# Help..with steam valves



## jk1169 (Jun 29, 2009)

We are doing some plumbing in a 100yr house. The owner asked if we could replace the radiator valves (28 of them). I can't find them anywhere. The name we got off of them is Webster. 90% of the piping in the house is brass as well.
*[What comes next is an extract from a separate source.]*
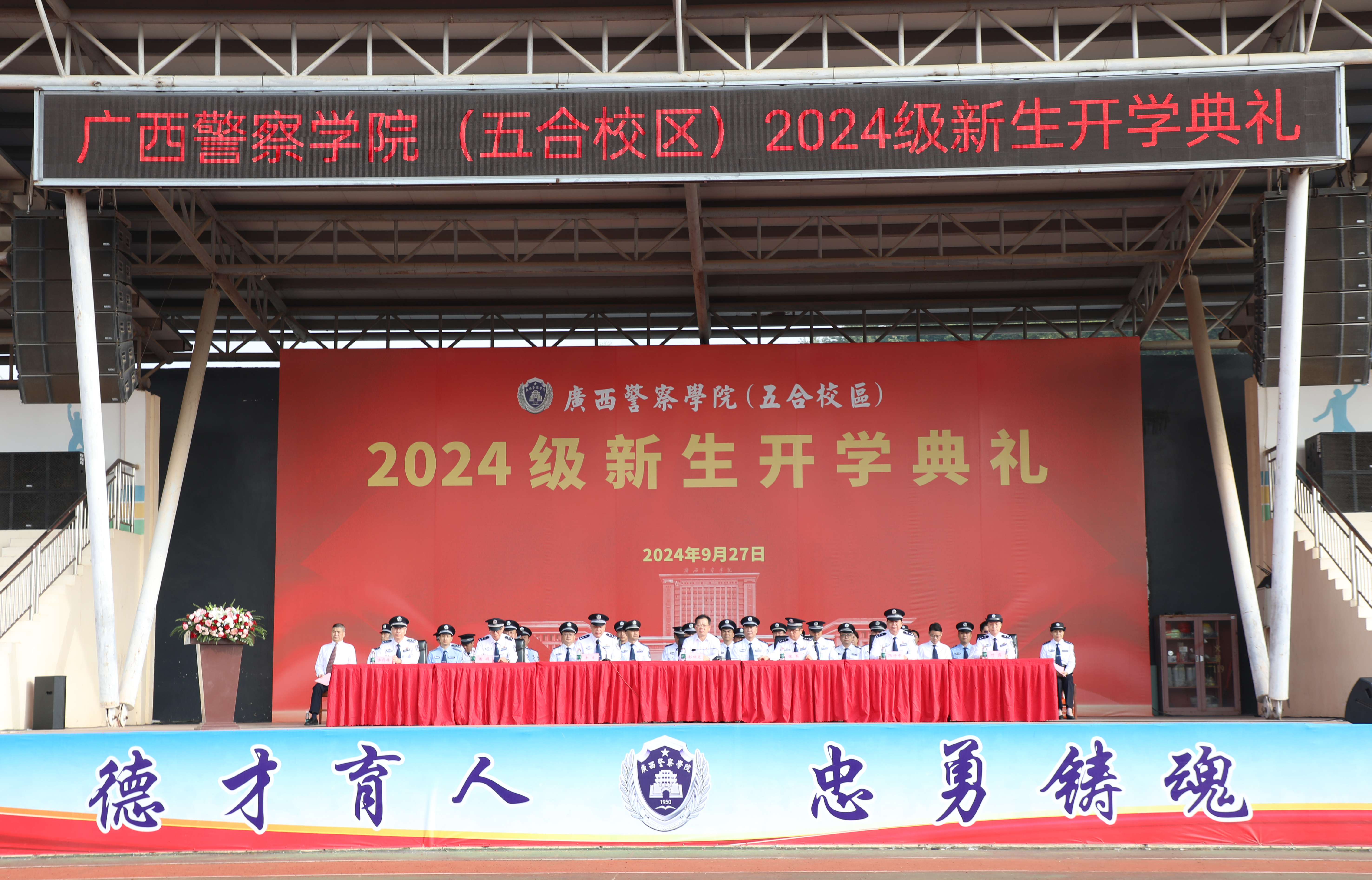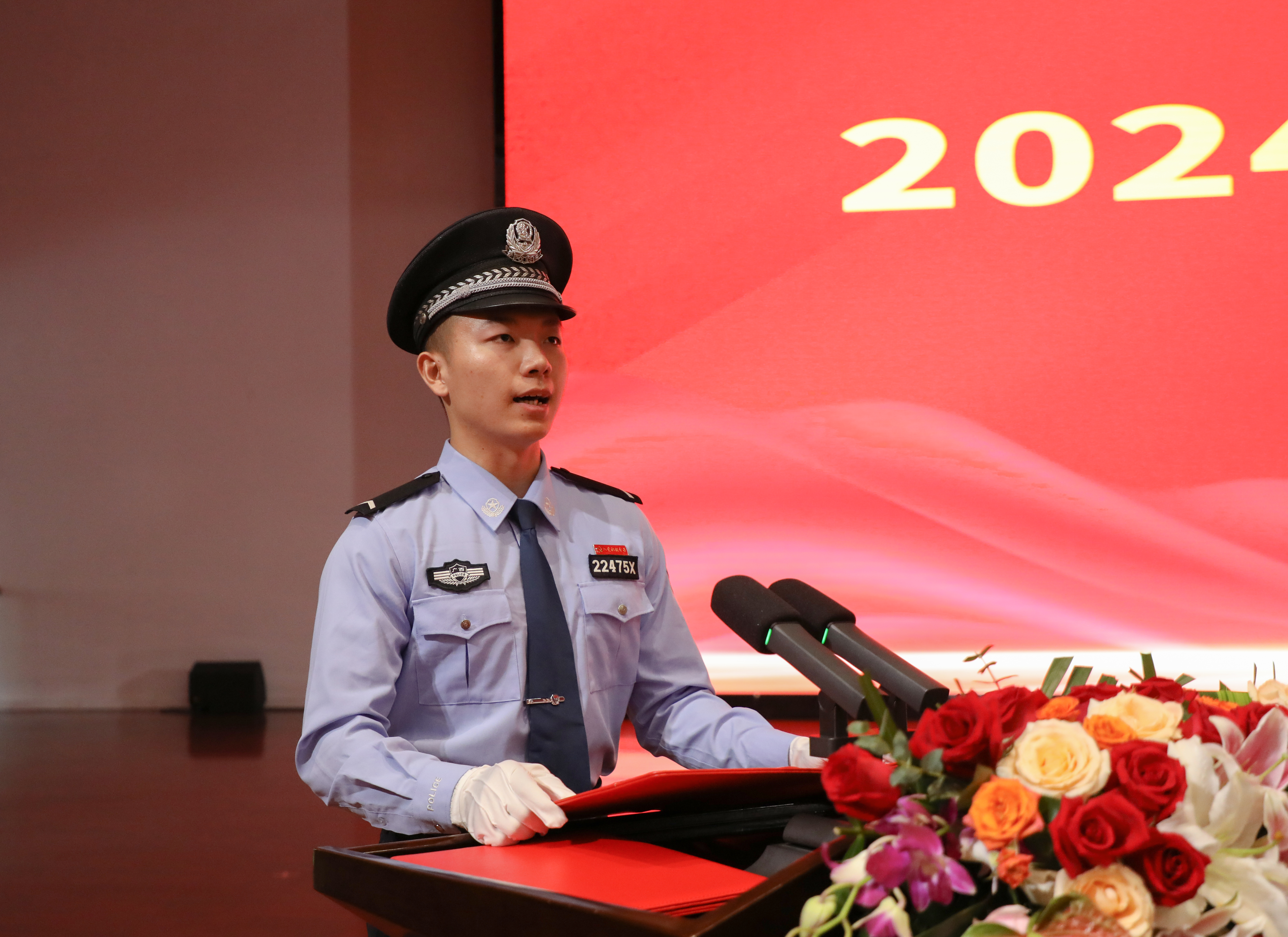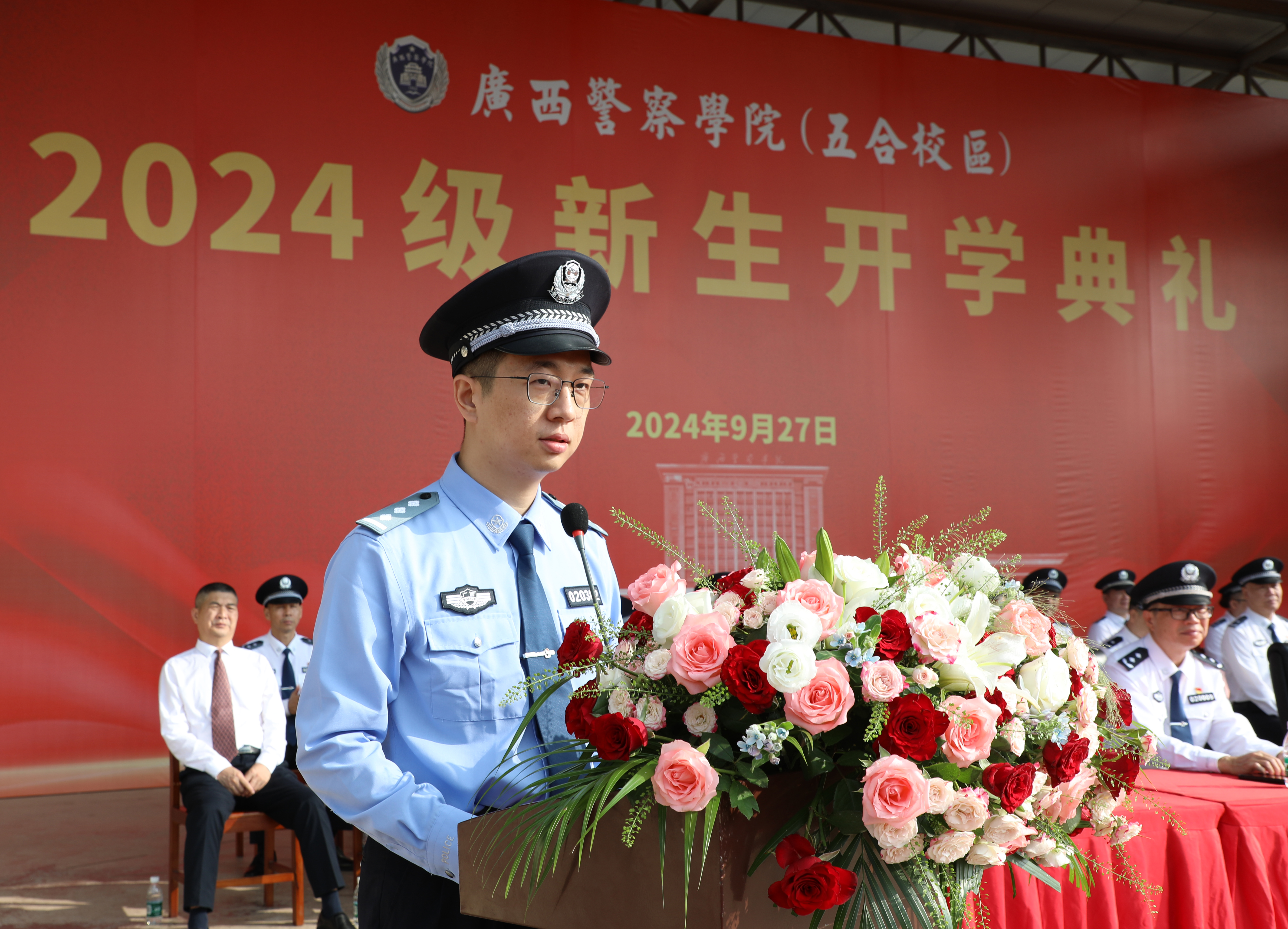高年级学生代表黄书豪、刘入铨发言,分享了他们在学校的成长和收获,鼓舞新同学要志存高远,坚定信念,勤学善思,砺炼本领,修身养性,锤炼品格,担当责任,服务社会,在警院的沃土上书写更加灿烂的青春篇章。

If anyone could help or steer me in the right direction, I would be greatful.


----------



## OldSchool (Jan 30, 2010)

Dahl makes rads valves like that


----------



## ZL700 (Dec 8, 2009)

Water or Steam?
American Valve is a favorite rad valve for distributors
http://www.americanvalve.com/pdf/bronze.pdf
Page 24 & 25

*Maybe time to consider TRV's (Thermistatic Radiator Valves), made by Danfoss, Macon, Taco and Honeywell-Braukman.*

Depends on system and piping wheter you can apply them or not


----------



## Airgap (Dec 18, 2008)

These are good valves for steam.

http://www.americansteamcontrol.com/index.html


----------



## OldSchool (Jan 30, 2010)

I like your Avatar AirGap


----------



## Airgap (Dec 18, 2008)

OldSchool said:


> I like your Avatar AirGap


Yeah , I got a pretty good deal on it....:thumbsup:


----------



## nyckosova (Jan 23, 2011)

all the steam valves i have used are made by ever flow i think they work fine that looks like a straight valve


----------



## Tommy plumber (Feb 19, 2010)

nyckosova said:


> all the steam valves i have used are made by ever flow i think they work fine that looks like a straight valve


 


Please post an intro. It's required here at the Plumbing Zone.


----------